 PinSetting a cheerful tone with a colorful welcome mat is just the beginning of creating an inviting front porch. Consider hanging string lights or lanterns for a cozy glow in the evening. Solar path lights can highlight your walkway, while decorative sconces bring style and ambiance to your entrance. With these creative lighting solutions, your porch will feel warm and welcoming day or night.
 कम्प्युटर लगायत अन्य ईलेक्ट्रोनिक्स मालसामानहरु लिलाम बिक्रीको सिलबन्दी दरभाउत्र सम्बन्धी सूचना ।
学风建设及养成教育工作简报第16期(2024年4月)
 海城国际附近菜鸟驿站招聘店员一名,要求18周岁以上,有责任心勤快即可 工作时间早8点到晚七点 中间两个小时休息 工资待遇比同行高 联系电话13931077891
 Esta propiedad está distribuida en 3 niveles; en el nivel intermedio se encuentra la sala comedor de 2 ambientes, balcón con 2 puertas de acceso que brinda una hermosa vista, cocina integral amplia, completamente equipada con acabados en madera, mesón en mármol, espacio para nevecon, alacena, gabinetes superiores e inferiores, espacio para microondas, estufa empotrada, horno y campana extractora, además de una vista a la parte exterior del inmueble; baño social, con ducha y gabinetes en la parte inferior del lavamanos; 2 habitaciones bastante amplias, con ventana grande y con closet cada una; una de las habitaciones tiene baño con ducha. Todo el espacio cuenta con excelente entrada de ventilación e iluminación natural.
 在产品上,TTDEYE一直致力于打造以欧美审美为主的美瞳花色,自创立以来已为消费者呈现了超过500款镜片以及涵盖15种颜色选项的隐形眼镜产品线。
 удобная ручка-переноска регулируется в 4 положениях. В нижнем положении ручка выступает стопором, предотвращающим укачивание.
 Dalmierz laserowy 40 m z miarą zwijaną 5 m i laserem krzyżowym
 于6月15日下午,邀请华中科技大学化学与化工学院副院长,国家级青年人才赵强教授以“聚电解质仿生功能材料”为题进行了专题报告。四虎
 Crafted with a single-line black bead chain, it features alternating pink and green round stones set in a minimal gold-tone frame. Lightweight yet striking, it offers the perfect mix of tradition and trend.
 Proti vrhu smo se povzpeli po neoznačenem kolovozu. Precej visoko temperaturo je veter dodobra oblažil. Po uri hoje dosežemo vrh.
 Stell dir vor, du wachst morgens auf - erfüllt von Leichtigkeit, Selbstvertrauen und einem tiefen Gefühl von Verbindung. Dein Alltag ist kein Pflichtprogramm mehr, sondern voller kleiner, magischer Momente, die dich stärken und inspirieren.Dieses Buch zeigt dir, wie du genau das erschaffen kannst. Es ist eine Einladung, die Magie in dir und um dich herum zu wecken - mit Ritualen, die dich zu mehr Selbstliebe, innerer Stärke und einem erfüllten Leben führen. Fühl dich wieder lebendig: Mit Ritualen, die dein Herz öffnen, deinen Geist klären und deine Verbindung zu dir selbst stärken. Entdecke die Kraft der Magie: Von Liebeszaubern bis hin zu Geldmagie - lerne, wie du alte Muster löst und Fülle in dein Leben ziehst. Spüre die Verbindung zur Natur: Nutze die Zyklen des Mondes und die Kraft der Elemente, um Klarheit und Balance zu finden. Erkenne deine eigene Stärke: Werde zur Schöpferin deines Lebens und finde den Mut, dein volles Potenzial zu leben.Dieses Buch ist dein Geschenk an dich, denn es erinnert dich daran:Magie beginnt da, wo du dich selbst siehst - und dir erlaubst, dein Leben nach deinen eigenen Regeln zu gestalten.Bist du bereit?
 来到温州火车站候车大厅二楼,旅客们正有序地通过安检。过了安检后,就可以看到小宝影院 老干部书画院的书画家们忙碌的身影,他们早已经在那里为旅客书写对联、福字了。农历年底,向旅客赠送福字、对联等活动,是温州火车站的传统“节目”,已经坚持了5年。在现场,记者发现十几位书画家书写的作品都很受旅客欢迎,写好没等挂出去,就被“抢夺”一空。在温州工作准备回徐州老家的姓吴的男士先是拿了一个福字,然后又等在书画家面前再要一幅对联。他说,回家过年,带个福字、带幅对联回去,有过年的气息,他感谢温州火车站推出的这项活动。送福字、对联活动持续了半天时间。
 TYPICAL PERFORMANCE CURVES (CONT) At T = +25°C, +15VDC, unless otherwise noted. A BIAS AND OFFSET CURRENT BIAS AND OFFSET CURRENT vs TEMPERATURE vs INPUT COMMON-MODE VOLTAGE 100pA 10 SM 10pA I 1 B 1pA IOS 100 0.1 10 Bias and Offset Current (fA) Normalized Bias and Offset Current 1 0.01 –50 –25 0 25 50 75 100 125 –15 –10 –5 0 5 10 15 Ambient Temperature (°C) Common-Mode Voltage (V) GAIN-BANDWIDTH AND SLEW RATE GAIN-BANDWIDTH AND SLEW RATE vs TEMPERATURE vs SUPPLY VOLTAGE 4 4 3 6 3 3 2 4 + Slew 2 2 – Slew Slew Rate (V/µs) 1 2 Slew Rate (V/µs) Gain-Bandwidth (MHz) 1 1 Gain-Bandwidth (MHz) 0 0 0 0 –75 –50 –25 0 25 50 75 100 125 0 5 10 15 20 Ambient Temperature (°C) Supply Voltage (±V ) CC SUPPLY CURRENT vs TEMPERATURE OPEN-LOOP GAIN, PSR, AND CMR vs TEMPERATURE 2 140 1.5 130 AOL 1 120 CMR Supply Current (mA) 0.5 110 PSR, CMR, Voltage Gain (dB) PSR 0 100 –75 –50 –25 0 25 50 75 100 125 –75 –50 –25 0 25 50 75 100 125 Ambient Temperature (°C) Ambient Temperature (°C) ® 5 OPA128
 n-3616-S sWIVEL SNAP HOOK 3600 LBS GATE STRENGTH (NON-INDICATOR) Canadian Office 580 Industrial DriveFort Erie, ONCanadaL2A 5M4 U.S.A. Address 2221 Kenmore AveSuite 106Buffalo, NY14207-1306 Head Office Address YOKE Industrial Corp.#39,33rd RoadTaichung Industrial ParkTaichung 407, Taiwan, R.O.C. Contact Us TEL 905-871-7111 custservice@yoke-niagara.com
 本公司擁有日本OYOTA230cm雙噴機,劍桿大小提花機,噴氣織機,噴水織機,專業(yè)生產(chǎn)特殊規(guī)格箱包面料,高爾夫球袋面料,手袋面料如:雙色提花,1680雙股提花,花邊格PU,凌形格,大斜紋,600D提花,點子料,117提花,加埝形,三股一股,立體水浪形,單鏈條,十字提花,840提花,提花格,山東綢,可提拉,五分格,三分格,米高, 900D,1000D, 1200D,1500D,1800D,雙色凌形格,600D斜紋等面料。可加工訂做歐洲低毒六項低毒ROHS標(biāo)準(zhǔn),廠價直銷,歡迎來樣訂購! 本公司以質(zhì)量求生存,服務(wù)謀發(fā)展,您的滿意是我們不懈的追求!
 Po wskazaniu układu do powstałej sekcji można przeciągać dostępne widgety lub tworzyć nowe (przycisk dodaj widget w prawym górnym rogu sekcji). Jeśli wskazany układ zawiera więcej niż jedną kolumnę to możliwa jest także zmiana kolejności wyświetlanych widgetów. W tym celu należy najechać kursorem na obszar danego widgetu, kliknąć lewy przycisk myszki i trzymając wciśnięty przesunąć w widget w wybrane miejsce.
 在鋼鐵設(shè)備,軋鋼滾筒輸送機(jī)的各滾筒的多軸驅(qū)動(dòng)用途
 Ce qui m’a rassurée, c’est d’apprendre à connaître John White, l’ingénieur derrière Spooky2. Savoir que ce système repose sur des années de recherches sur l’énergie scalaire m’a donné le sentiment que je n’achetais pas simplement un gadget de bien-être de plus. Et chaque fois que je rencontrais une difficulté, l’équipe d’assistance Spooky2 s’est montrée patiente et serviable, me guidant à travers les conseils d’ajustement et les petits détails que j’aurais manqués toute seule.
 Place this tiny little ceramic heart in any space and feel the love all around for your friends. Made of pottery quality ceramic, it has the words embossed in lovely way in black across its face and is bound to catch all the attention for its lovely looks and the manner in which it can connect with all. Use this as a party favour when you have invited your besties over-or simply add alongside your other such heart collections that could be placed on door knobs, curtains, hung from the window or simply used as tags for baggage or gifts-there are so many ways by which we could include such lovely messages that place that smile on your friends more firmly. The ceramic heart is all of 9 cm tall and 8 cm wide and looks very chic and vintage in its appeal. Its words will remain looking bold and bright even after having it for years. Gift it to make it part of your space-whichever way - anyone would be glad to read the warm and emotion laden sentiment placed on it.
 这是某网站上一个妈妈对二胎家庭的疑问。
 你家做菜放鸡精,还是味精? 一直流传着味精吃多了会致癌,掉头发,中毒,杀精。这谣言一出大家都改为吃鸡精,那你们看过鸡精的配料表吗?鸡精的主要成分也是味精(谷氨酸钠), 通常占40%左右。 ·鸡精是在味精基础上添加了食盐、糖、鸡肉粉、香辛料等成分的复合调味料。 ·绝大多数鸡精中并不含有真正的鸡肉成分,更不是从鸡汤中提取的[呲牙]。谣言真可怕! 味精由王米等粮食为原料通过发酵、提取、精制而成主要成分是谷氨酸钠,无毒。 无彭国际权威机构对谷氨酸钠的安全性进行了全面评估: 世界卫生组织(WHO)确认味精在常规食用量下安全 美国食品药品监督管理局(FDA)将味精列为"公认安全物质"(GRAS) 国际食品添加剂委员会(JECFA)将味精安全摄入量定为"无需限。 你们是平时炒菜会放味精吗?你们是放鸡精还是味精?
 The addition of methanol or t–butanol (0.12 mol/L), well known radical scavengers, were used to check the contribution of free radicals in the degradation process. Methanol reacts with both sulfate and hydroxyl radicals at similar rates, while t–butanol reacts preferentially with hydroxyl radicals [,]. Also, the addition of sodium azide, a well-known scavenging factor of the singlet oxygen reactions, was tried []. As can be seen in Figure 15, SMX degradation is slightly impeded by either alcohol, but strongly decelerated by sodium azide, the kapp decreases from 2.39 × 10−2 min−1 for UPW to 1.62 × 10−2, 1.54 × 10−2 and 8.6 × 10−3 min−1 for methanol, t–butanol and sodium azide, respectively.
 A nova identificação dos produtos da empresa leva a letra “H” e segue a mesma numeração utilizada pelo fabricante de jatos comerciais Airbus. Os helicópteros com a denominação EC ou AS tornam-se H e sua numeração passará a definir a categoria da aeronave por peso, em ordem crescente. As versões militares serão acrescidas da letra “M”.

• • • • •

Task instructions
Begin with the line above that has "n-3616-S sWIVEL SNAP" and continue through the line that has "Ce qui m’a rassurée, c’est", setting each one down exactly. Stop there.

Written reply
 n-3616-S sWIVEL SNAP HOOK 3600 LBS GATE STRENGTH (NON-INDICATOR) Canadian Office 580 Industrial DriveFort Erie, ONCanadaL2A 5M4 U.S.A. Address 2221 Kenmore AveSuite 106Buffalo, NY14207-1306 Head Office Address YOKE Industrial Corp.#39,33rd RoadTaichung Industrial ParkTaichung 407, Taiwan, R.O.C. Contact Us TEL 905-871-7111 custservice@yoke-niagara.com
 本公司擁有日本OYOTA230cm雙噴機,劍桿大小提花機,噴氣織機,噴水織機,專業(yè)生產(chǎn)特殊規(guī)格箱包面料,高爾夫球袋面料,手袋面料如:雙色提花,1680雙股提花,花邊格PU,凌形格,大斜紋,600D提花,點子料,117提花,加埝形,三股一股,立體水浪形,單鏈條,十字提花,840提花,提花格,山東綢,可提拉,五分格,三分格,米高, 900D,1000D, 1200D,1500D,1800D,雙色凌形格,600D斜紋等面料。可加工訂做歐洲低毒六項低毒ROHS標(biāo)準(zhǔn),廠價直銷,歡迎來樣訂購! 本公司以質(zhì)量求生存,服務(wù)謀發(fā)展,您的滿意是我們不懈的追求!
 Po wskazaniu układu do powstałej sekcji można przeciągać dostępne widgety lub tworzyć nowe (przycisk dodaj widget w prawym górnym rogu sekcji). Jeśli wskazany układ zawiera więcej niż jedną kolumnę to możliwa jest także zmiana kolejności wyświetlanych widgetów. W tym celu należy najechać kursorem na obszar danego widgetu, kliknąć lewy przycisk myszki i trzymając wciśnięty przesunąć w widget w wybrane miejsce.
 在鋼鐵設(shè)備,軋鋼滾筒輸送機(jī)的各滾筒的多軸驅(qū)動(dòng)用途
 Ce qui m’a rassurée, c’est d’apprendre à connaître John White, l’ingénieur derrière Spooky2. Savoir que ce système repose sur des années de recherches sur l’énergie scalaire m’a donné le sentiment que je n’achetais pas simplement un gadget de bien-être de plus. Et chaque fois que je rencontrais une difficulté, l’équipe d’assistance Spooky2 s’est montrée patiente et serviable, me guidant à travers les conseils d’ajustement et les petits détails que j’aurais manqués toute seule.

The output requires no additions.